The only chance to see a characteristic photon peak would be from low-energy sources like the Americium-241 peak at 60 keV. But I doubt that lies within the electron-detector's threshold. It should be well observable with the alpha-spectrometer variant, though. Possibly after blocking the americium alphas with a sheet of paper.
If I find some time and you'd like to continue investigating this as well, I could confirm the lower energy threshold of the electron-detector with an x-ray machine in the next weeks. Together with the known maximum of 500 - 600 keV, which is given by the diode geometry and independent from the rest of the circuit, we could establish a rough energy calibration based on those two corner numbers. One of my longer-term goals is to put the pulse detection code in its own library module and have it accelerated by Numba. That would make it more flexible and speed the processing up a lot.

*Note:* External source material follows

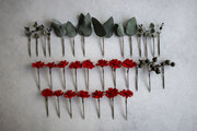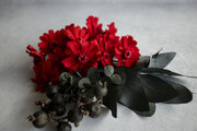 赤のジニアとブラックベリーでバックカチューシャ風のヘッドドレスにしました

For a better overall picture, I would really encourage you to have a look at the corresponding paper that I've linked to a couple of times. While its main part is focusing on the alpha-spectrometer and fancy pixel detectors, the first part discusses the detector physics of the silicon diodes - the silicon chips inside those diodes (BPW34 and PBX61) are the same with both DIY particle detector variants (despite the different diode packaging).

[SteveF161]

Hi, and thanks for response. I had read the paper but - on the first reading - the drop-off in sensitivity didn't register. I now understand what I'm seeing and why.

I had already looked into the setting for min_g and max_g and some of the other parameters as the electron pulses where so short. The time from zero level to peak minimum seems to be only 2 or 3 audio samples. I'm trying to balance this with a trigger level closer to the noise level (-2000 vs -1200 average noise) but this seems sometimes to lead to a lot of pulses being rejected

[ozel]

ah yes, the THL threshold level is evaluated at the very beginning - before all other paramters - to cut out the noise. It is most important compared to the other three parameters that I listed. The setting of THL is being evaluated more than once in the decision path at the moment which could be reduced at some point.